The Ultimate Guide to Choosing the Best Drone Batteries – The Most Common Types of Drone Batteries

What are the most common types of drone batteries? What characteristics do they have? Which application scenarios are they suitable for? How do they differ when compared?

Drone Battery

ENOV High-Energy drone batteries power industrial and commercial drones. Delivering 220–320 Wh/kg energy density, they enable long flight times (30+ mins) and support fast charging (2C). Perfect for aerial photography, surveillance, and delivery drones.

Currently, the most common types of drone batteries in the market are lithium-polymer batteries and lithium-ion batteries.

Lithium-polymer batteries:

Characteristics: High energy density, high discharge rate, low self-discharge rate, compact and lightweight structure, customizable size and shape, long flight time;

Application scenarios: Racing/crossing drones, aerial photography drones, military drones, and multi-rotor drones.

Lithium-ion batteries:

Characteristics: High energy density, long cycle life, low self-discharge rate, high charging efficiency, stable output power, safety and stability;

Application scenarios: Long-endurance fixed-wing drones, logistics drones, industrial inspection, and low-temperature environments.

Lithium-polymer (LiPo) cells are the dominant power source in modern UAVs. Even high-end products, such as Enovbattery’s lithium-cobalt-oxide packs, are classified as LiPo chemistry.
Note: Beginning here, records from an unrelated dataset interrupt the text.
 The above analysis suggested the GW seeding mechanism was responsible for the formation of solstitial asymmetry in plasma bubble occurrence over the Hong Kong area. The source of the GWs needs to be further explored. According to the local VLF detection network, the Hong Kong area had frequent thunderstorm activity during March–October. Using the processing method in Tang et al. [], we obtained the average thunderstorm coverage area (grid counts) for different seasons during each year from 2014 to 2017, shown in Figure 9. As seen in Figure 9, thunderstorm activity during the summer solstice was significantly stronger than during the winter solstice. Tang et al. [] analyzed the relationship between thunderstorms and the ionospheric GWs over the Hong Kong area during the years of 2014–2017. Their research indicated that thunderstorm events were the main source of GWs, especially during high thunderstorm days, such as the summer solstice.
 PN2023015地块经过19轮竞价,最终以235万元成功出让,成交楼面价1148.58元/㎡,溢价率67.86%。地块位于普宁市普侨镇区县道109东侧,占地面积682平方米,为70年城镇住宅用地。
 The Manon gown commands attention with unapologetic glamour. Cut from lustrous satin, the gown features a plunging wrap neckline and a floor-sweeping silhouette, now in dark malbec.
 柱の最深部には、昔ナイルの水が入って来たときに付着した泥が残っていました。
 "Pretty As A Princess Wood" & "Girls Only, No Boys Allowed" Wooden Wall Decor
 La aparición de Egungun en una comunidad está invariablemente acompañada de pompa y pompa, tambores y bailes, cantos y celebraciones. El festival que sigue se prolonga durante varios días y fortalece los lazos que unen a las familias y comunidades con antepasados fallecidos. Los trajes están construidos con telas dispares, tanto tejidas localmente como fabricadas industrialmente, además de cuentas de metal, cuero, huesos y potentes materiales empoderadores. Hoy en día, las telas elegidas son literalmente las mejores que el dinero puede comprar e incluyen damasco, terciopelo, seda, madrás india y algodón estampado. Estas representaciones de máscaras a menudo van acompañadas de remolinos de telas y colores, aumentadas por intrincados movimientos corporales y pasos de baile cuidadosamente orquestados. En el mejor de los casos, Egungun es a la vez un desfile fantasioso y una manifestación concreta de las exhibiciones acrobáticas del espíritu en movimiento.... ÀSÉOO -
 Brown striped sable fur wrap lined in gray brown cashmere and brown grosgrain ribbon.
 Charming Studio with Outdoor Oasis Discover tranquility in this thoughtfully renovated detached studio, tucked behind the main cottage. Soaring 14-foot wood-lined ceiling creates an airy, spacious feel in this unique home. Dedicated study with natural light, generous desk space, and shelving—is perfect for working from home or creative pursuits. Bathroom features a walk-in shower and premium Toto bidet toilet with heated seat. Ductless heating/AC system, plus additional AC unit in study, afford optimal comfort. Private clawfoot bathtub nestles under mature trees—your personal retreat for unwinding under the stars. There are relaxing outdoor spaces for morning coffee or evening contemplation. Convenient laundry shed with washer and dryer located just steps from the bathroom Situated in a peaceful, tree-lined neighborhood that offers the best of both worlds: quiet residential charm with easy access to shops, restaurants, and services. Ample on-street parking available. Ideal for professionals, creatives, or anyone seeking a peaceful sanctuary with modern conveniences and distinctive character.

A single LiPo cell has a nominal voltage of 3.7 V and a fully-charged terminal voltage of 4.2 V. Their superior gravimetric and volumetric energy densities, high discharge capability, low self-discharge, lightweight architecture, and extended flight endurance make LiPo batteries the preferred choice across the full UAV spectrum—from compact consumer quadcopters to large professional-grade platforms.

1. Lithium-polymer Batteries

1.1 Characteristics:

① High energy density: Using solid or gel-like polymer electrolytes, with a compact structure, it has a higher energy density and can provide longer flight time for drone equipment;

② High discharge rate: It can realize rapid energy release, with a discharge rate of up to 60C or even 70C, providing power for drone takeoff and endurance, especially suitable for application scenarios of drones requiring explosive energy;

③ Low self-discharge rate: The battery loses power slowly when stored, which can better store power and facilitate reuse after storage;

④ Compact structure and light weight: Adopting stacking technology, no additional diaphragm is needed, and it uses a lightweight aluminum-plastic film soft package, so the weight is light;

⑤ Customizable shape and size: High production flexibility, and the size and weight of the battery can be customized according to customer needs;

⑥ Long flight time: The high energy density and light weight extend the flight time of the drone.

1.2 Application scenarios:

1.3. Notes:

① Lithium-polymer batteries are sensitive to physical damage. Although they are not easy to explode, they are prone to swelling and catching fire. They require thermal management, so attention should be paid to charging, discharging, and safe storage;

② Lithium-polymer batteries have extensive customized services, which provide customers with differentiated services but lack unified quality standards.

2. Lithium-ion Batteries

2.1 Characteristics:

① High energy density: The energy density is usually 150-250 Wh/kg, which is generally not as high as that of lithium-polymer batteries, but it can also meet the needs of long-endurance drones;

② Long cycle life: It can withstand more charge and discharge cycles, reducing the frequency of frequent battery replacement and having durability.

③ Low self-discharge rate: It can maintain power during long-term storage, and the rate of power loss is slow, which is suitable for equipment used in seasonal changes.

④ High charging efficiency: Short charging time and less energy loss;

⑤ Stable output power: It can provide stable power during discharge, suitable for drone application scenarios that require stable power output;

⑥ Safety and stability: It adopts an integrated circuit and has protection functions such as overcharging, over-discharging, and overloading; In addition, the shell of lithium-ion batteries is relatively strong and has better resistance to physical damage.

2.2 Application scenarios:

2.3 Notes:

① Due to their materials and structure, lithium-ion batteries are heavier than lithium-polymer batteries, which has an impact on the effective load and flight duration of drones;

② In terms of high output power, that is, discharge rate, their performance is not as good as that of lithium-polymer batteries, so they are not suitable for application scenarios requiring high power output.